ISRCTN - ISRCTN22433402: Fesoterodine fumarate for the treatment of neurogenic bladder

Plain English Summary

Background and study aims
An overactive bladder is a common condition in which the bladder muscle contracts too often or without warning. This causes the sufferer to feel the need to urinate more frequently and/or urgently, the need to get up in the night to urinate and in some cases, incontinence. Neurogenic detrusor overactivity (NDO) is where the overactive bladder has an underlying neurological (nervous system) cause. NDO is most commonly seen in people with multiple sclerosis (MS) or a spinal cord injury (SCI). This happens because changes and damage to the nerves involved in bladder activity can lead to involuntary contractions of the bladder muscle leading to urinary leaking. Fesoterodine is a medication which is used to treat overactive bladder. It works by blocking a chemical in the body which triggers the contractions of the bladder, causing the bladder muscle to relax. The aim of this study is to test the safety and efficiency of using Fesoterodine to treat patients with NDO.

Who can participate?
Adults with an overactive bladder as a result of MS or SCI.

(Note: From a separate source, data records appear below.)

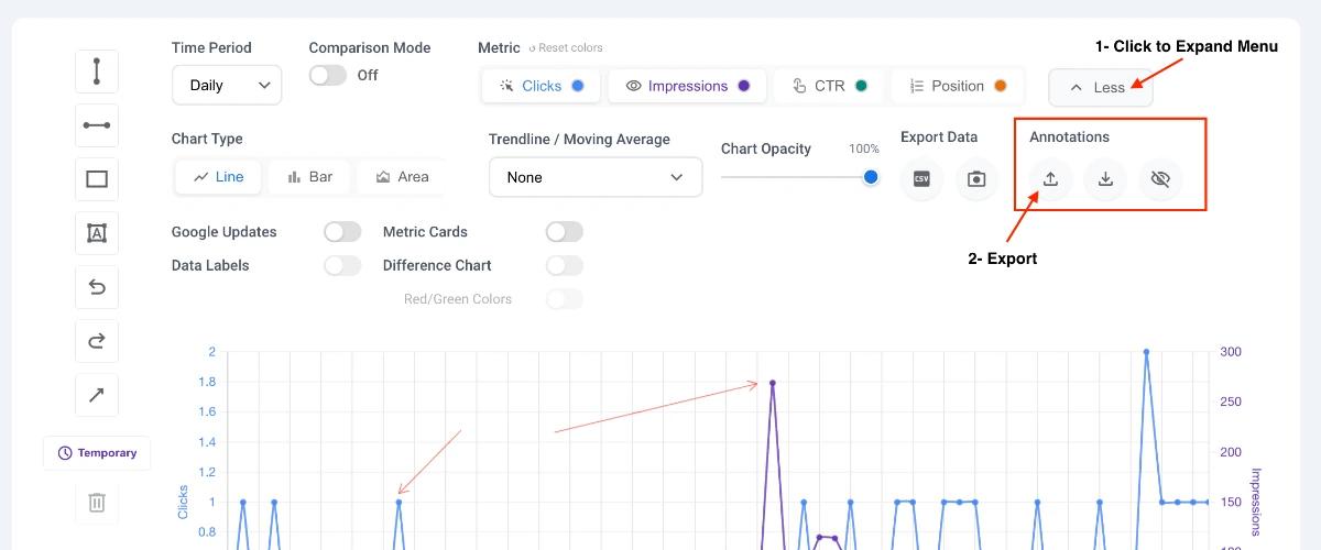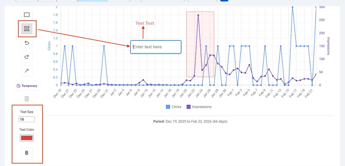 Learn how to draw lines, rectangles, and text annotations directly on your GSC performance charts to highlight SEO trends and updates.
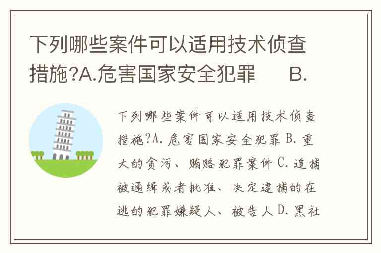 下列哪些案件可以适用技术侦查措施?A.危害国家安全犯罪 B.重大的贪污、贿赂犯罪案件 C.追捕被通缉或者批准、决定逮捕的在逃的犯罪嫌疑人、被告人 D.黑社会性质的组织犯罪
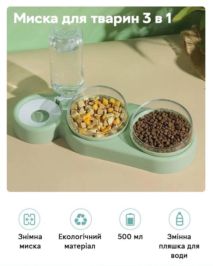 Описание Двойная миска для животных Semi Animal Bowl 13см*38см*22см 500 мл, Light Green с автоматической поилкой

What does the study involve?
After a period of two weeks in which no medication is taken (washout period), all participants receive 8mg Fesoterodine to take every day for three months. At the start of the study and again after the three months of treatment, participants undergo a test in order to find out how well their bladder is working. The test begins with the patient emptying their bladder into a special toilet to measure the amount of urine passed and the flow. Two very thin tubes (catheters) are then placed inside the bladder in order to monitor how it fills up (one tube fills up the bladder with liquid and the other measures the pressure). Once the bladder is full, x rays are taken, before the patient is asked to empty the bladder into the special toilet again with the tubes in place.

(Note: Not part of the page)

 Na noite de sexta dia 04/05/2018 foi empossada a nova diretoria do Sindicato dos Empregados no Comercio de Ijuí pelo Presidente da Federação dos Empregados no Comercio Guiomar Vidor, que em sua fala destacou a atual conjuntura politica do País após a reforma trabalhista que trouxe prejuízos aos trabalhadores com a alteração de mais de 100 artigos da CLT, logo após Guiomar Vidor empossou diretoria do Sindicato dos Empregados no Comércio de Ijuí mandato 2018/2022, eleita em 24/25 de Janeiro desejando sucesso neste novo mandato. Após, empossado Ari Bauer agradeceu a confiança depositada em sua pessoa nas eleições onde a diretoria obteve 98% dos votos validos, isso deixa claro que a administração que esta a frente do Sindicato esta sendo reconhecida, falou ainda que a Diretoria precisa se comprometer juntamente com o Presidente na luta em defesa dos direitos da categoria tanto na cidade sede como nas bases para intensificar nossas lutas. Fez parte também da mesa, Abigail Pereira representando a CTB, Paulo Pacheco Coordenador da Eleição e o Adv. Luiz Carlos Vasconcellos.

What are the possible benefits and risks of participating?
Participants benefit from receiving an in depth evaluation of how well their bladder is working, as well as receiving a treatment likely to help improve their bladder function and quality of life. There are no notable risks involved for participants in this study.

Where is the study run from?
National Rehabilitation Center, Athens (Greece)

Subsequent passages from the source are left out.